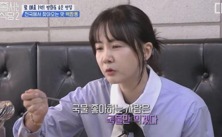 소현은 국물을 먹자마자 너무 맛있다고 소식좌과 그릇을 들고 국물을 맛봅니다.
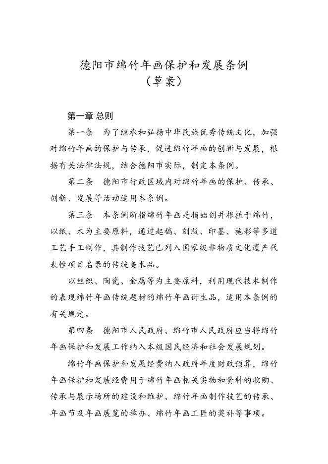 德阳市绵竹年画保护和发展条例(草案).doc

---

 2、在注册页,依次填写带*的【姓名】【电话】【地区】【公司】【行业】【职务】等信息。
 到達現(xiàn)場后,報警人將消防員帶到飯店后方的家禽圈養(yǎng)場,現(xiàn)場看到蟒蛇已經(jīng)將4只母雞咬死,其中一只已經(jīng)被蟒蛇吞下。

* * *

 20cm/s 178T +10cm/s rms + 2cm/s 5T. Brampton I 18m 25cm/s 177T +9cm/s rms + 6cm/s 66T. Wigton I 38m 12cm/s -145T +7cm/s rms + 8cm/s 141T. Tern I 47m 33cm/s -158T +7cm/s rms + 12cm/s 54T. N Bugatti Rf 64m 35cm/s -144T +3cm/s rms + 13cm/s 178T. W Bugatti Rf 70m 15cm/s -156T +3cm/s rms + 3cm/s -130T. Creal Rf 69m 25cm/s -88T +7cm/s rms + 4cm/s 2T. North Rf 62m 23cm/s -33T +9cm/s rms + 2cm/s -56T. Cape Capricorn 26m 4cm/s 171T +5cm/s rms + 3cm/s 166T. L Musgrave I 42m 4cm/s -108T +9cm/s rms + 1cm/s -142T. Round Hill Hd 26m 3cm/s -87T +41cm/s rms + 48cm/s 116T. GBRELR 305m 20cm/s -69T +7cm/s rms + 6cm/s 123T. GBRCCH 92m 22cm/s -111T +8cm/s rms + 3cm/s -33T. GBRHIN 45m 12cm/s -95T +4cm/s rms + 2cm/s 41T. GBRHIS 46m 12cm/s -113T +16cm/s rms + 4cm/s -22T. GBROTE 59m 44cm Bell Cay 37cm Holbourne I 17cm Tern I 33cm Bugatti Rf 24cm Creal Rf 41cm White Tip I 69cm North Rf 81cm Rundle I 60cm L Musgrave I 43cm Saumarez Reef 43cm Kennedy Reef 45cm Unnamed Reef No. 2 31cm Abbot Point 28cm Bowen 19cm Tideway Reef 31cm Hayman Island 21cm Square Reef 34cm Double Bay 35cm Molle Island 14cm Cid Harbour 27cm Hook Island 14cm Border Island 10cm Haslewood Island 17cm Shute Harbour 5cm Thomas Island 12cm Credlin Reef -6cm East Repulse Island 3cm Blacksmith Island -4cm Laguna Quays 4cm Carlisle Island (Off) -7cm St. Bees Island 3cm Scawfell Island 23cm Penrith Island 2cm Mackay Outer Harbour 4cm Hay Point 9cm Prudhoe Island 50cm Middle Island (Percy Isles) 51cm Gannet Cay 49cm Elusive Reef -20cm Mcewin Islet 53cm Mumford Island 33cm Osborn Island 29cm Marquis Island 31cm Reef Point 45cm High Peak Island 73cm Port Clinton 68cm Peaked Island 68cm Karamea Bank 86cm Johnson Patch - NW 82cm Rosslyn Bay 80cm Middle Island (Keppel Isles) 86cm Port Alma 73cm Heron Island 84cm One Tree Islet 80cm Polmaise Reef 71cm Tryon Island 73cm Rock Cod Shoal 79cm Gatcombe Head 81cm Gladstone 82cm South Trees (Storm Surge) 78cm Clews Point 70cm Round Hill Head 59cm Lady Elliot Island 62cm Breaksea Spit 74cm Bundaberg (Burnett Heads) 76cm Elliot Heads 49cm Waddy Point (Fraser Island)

WHAT THE TASK ASKS: Look above for the line holding "2、在注册页,依次填写带*的" and the line holding "到達現(xiàn)場后,報警". Retype both, and every line between them, word for word and nothing else.

SOLUTION TO THIS PROBLEM:
 2、在注册页,依次填写带*的【姓名】【电话】【地区】【公司】【行业】【职务】等信息。
 到達現(xiàn)場后,報警人將消防員帶到飯店后方的家禽圈養(yǎng)場,現(xiàn)場看到蟒蛇已經(jīng)將4只母雞咬死,其中一只已經(jīng)被蟒蛇吞下。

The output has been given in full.